Z kolei do tzw. podmiotów istotnych ustawodawca zalicza: dostawców wyszukiwarek internetowych, e-platformy handlowe, usługi pocztowe, kurierskie i łączności elektronicznej, logistykę i transport, usługi zaufania, produkcję i dystrybucję żywności, a także producentów maszyn, urządzeń i pojazdów, chemikaliów, farmaceutyków, urządzeń medycznych, jak też przedsiębiorstwa gospodarujące odpadami, podmioty publiczne lub jedynych dostawców usług określonego rodzaju w danym państwie członkowskim.
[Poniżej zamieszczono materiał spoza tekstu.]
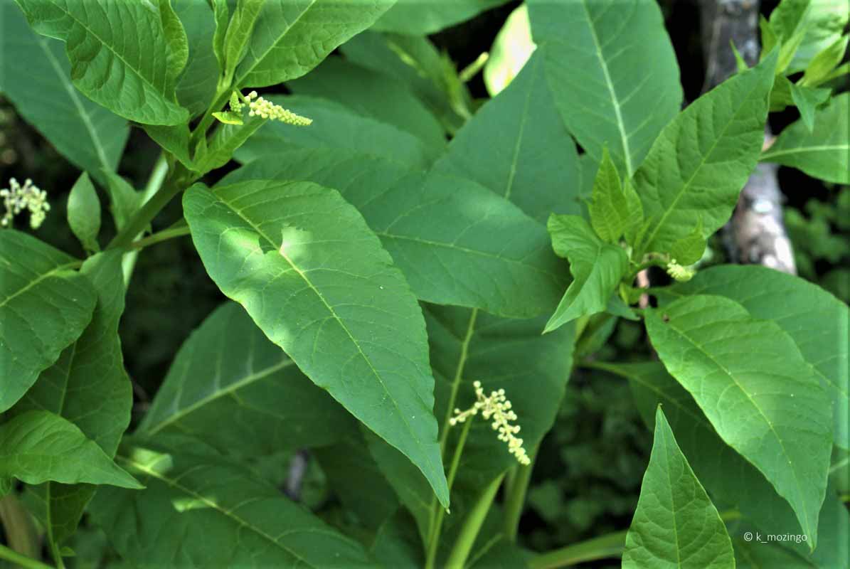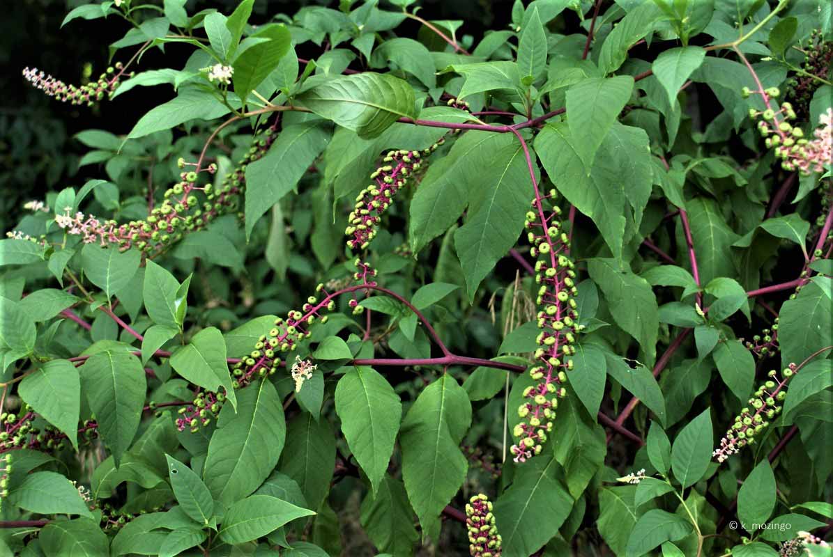 Pokeweed The native Pokeweed is common in our area. It prefers partial sun, moist conditions, and rich loamy soil. Habitats include moist meadows in woodland openings, woodland borders, abandoned fields, vacant lots and disturbed areas. This perennial is up to 8' tall, branching regularly with stems that are smooth, round and hairless. The alternate leaves can be large, up to 10" long and 4" across. Many of the stems terminate in narrow flower racemes, about 3-6" long and 1" across, cylindrical in shape, and often drooping, with numerous small flowers all around the flowering stalk on short pedicels. The flowers are about ¼" across, with 5 lobed white or pink sepals that flare outward. After the flowers fade away, fruits develop, about ¼" across, later becoming dark purple.

W jaki sposób chronić sieci przemysłowe?

Aby ochrona uwzględniała wymogi NIS2, pierwszym krokiem powinno być uzupełnienie dokumentacji tworzonej wokół zagrożeń związanych z cyfrowym obszarem funkcjonowania przedsiębiorstwa, połączone z inwentaryzacją urządzeń, a następnie wdrożenie automatycznego systemu raportów incydentów. Z pewnością zasadnym jest rozszerzenie możliwości operacyjnych jednostek SOC tak, aby monitorowanie obejmowało środowiska IT i OT. Niezabezpieczony element systemu IT, działający w niesegmentowanej sieci, może stać się bramą umożliwiającą wniknięcie przez przestępców do zasobów firmy.

– Sieci IT należy odseparować od elementów OT, nawet gdy jest to środowisko mocno rozproszone, a styków jest wiele. Pomoże instalacja niedrogich firewalli, na przykład urządzenia SNi20 – mówi Aleksander Kostuch.

Urządzenia te mają możliwość zasilania z dwóch źródeł energii. Dzięki funkcji ByPass podczas aktualizacji oprogramowania układowego i restartu umożliwiają bezprzerwową transmisję danych.

– SNi20 potrafią rozpoznawać transmisję z protokołami OT. Firewalle stosowane wewnątrz sieci wprowadzą mikrosegmentację dla urządzeń przemysłowych. Mikrosegmentacja oddziela sieci, a kontrola ruchu sieciowego na poziomie głębokiej analizy protokołu przemysłowego niemal całkowicie eliminuje ryzyko – podsumowuje ekspert Stormshield.